Thread class a type for ThreadLocal. ThreadLocalMap threadLocals instance variables, that is to say, each Thread has an own ThreadLocalMap.

A ThreadLocalMap has its own separate implementation and can simply treat its key as a ThreadLocal and its value as a value put into the code (the key is not actually a ThreadLocal itself, but a weak reference to it).

When a thread puts a value into a ThreadLocal, it stores the value into its own ThreadLocalMap, and reads the value using ThreadLocal as a reference to find the corresponding key in its own map, thus achieving thread isolation.

ThreadLocalMap has a similar structure to HashMap, except that HashMap is implemented by array + list, whereas ThreadLocalMap has no list structure and uses linear detection for Hash collisions. We also notice Entry, whose key is ThreadLocal
k, inheriting from WeakReference, which is also known as WeakReference type.

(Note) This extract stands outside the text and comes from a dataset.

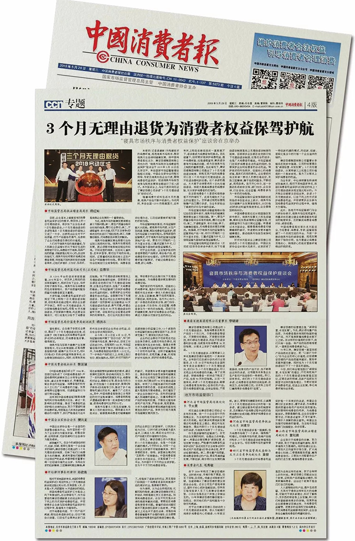 中國消費者報訊(xun) 為(wei)構建良好的消(xiao)(xiao)費(fei)環境,規范寢具(ju)(ju)市(shi)場(chang)秩序,推動寢具(ju)(ju)行業自律和健康發展,由中國(guo)消(xiao)(xiao)費(fei)者(zhe)報社主辦(ban)(ban)、康姿(zi)百(bai)德(de)集團(tuan)有限公司(si)(si)(si)協(xie)(xie)辦(ban)(ban)的“寢具(ju)(ju)市(shi)場(chang)秩序與消(xiao)(xiao)費(fei)者(zhe)權益保(bao)(bao)護”座談會(hui)于2019年5月28日在(zai)北京召開(kai),來自國(guo)家(jia)(jia)市(shi)場(chang)監督(du)管(guan)理總局(ju)相關司(si)(si)(si)局(ju)、中國(guo)企(qi)業家(jia)(jia)協(xie)(xie)會(hui)的相關領導、專家(jia)(jia)及寢具(ju)(ju)知名(ming)企(qi)業代表,圍繞消(xiao)(xiao)費(fei)者(zhe)權益保(bao)(bao)護、促(cu)進(jin)寢具(ju)(ju)市(shi)場(chang)良性競爭與規范發展等話(hua)題進(jin)行了深入(ru)探討(tao)。本次座談會(hui)上,與會(hui)代表共(gong)同見(jian)證了康姿(zi)百(bai)德(de)公司(si)(si)(si)承(cheng)諾“3個月無理由退貨”啟動儀式。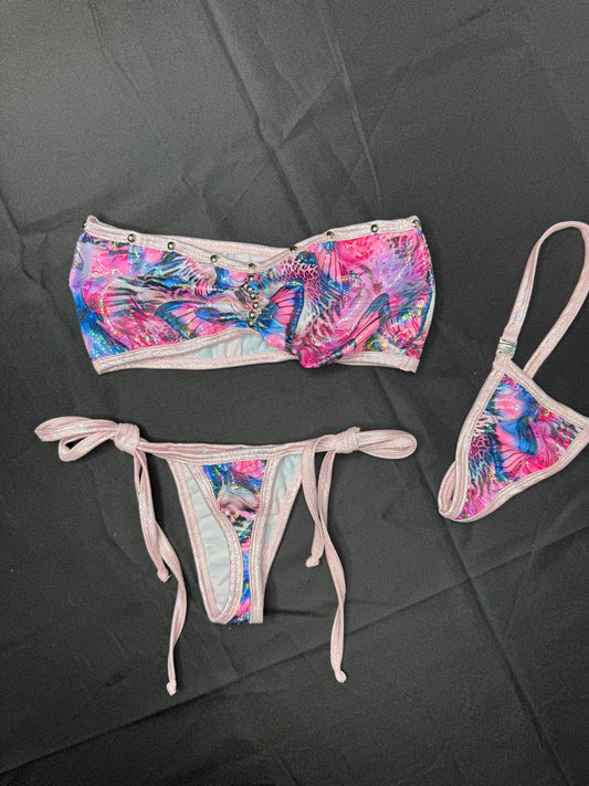 Butterfly Print Spandex Tube Top/Side-Tie Bikini Bottoms Two-Piece Lingerie Outfit

  • Strong references: We often create objects that are strong references. As long as strong references exist, the garbage collector will never reclaim the referenced object, even when memory is low
  • SoftReference: an object with a SoftReference modifier is called a SoftReference. The object to which a SoftReference points is reclaimed when its memory is about to overflow
  • Weak references: objects decorated with WeakReference are called weak references. Whenever garbage collection occurs, if the object is only pointed to by weak references, it will be collected
  • Virtual References: Virtual references are the weakest references and are defined in Java using PhantomReference. The only purpose of a virtual reference is to queue up notifications that an object is about to die

Memory leak problem

If our ThreadLocal object has no strong reference, the weakly referenced key is reclaimed, but the value is not. If the thread does not exit, the value will persist, which will cause a memory leak. Since a Thread has one ThreadLocalMap, the lifetime of a ThreadLocalMap is the same as that of a Thread.

Set method

The set() call determines whether the current Thread has a ThreadLocalMap of the member variables of the Thread class. 1. If map == null, the ThreadLocalMap of a Thread class will be initialized, and the index in the array will be calculated by using the key of ThreadLocal. Since it is the first initialization, there is no hash conflict, so it will be inserted directly. 2.map ! = null, get ThreadLocalMap directly, call the Map’s set() method, execute the related logic. The set() method of ThreadLcoalMap computes the Hash to get the array’s index.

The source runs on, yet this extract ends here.